43 Misc. 3d 1213(A) (2014)

Facts

P manufactures and sells dietary and nutritional supplements. D and Futurebiotics, LLC are in the business of manufacturing vitamins as well as dietary and nutritional supplements. P sent D purchase order 64 for 13,000 bottles of Armageddon and 4,000 bottles of Evolution, two of P's products, for $190,120.00. The payment terms were '30 days.' Kabco ordered the raw materials and bottles from third-party vendors but did not commence manufacturing or deliver any products to P. D sent a letter to P detailing out the fact that the bottles required are custom parts that are not returnable and the raw materials for the ingredients are not returnable as well. The payment term set by D for P is net 30 days, while D's credit limit is for $25,000. D detailed out how P has not paid D's sister company Futurebiotics in spite of several written and verbal promises made. D then stated it would proceed with the orders after a payment with a bank certified check for $165,120. The balance amount of $25,000 will be net 30 as per our agreed payment terms. D also wanted P to pay the outstanding balance due to Futurebiotics. P owed D $3,192.60 for another purchase order. P also owed Futurebiotics $27,880.00. D e-mailed P that it would begin manufacturing if P agreed to accept D's $25,000 credit limit. D e-mailed the plaintiff that it would begin producing P's products on Monday, September 8, 2008, and asked if P wanted to be present when production began or if it wanted D to send it a sample for testing. P asked D to extend it credit in the amount of $60,000 to $90,000. D did not respond to that request.

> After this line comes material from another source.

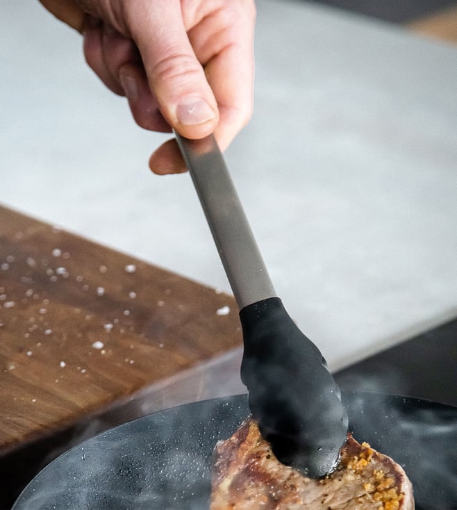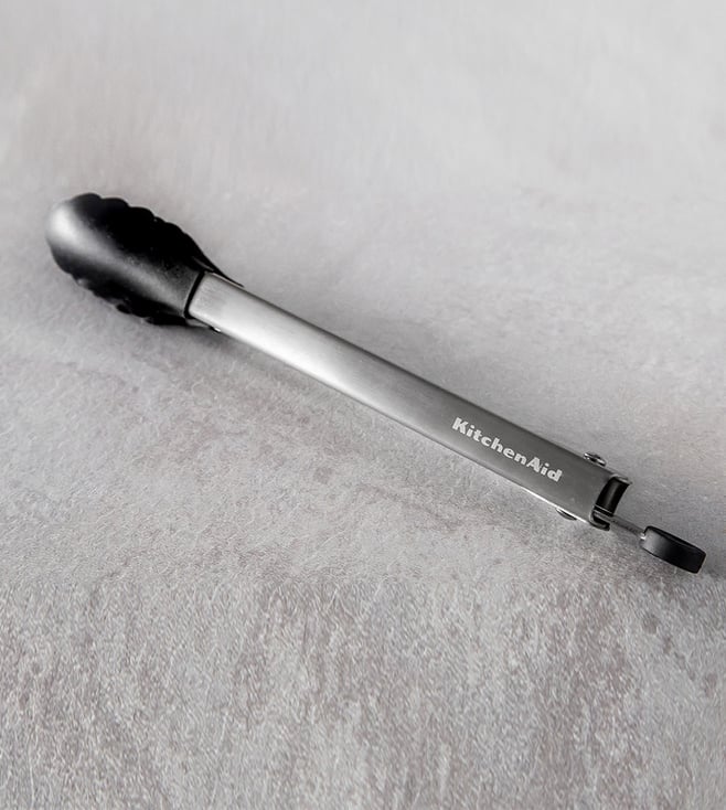 Made of strong stainless steel with silicone tips, these KitchenAid serving tongs are built for maximum performance. The silicone is heat resistant and is suitable for use on non-stick surfaces, making them ideal for tossing food or serving directly from pans. A locking mechanism makes them easy to store in a drawer or utensil holder.

P commenced this action against D and Futurebiotics. P sued Ds for breach of contract, fraudulent inducement, and estoppel. P alleges that D breached by unilaterally changing the terms of PO 64, by creating a credit limit in the amount of $25,000, and by demanding that P make payments to Futurebiotics. P alleges that D fraudulently induced it to enter into PO 64 by misrepresenting the terms of their agreement. P claims it relied on D's misrepresentations and that D is estopped from changing the terms of PO 64. The two causes of action against Futurebiotics were for tortious interference and for breach of a separate nondisclosure agreement. Ds counterclaimed in the amounts of $27,800.00 and $3,192.60. Ds moved for summary judgment dismissing the complaint and for summary judgment in their favor on the counterclaims.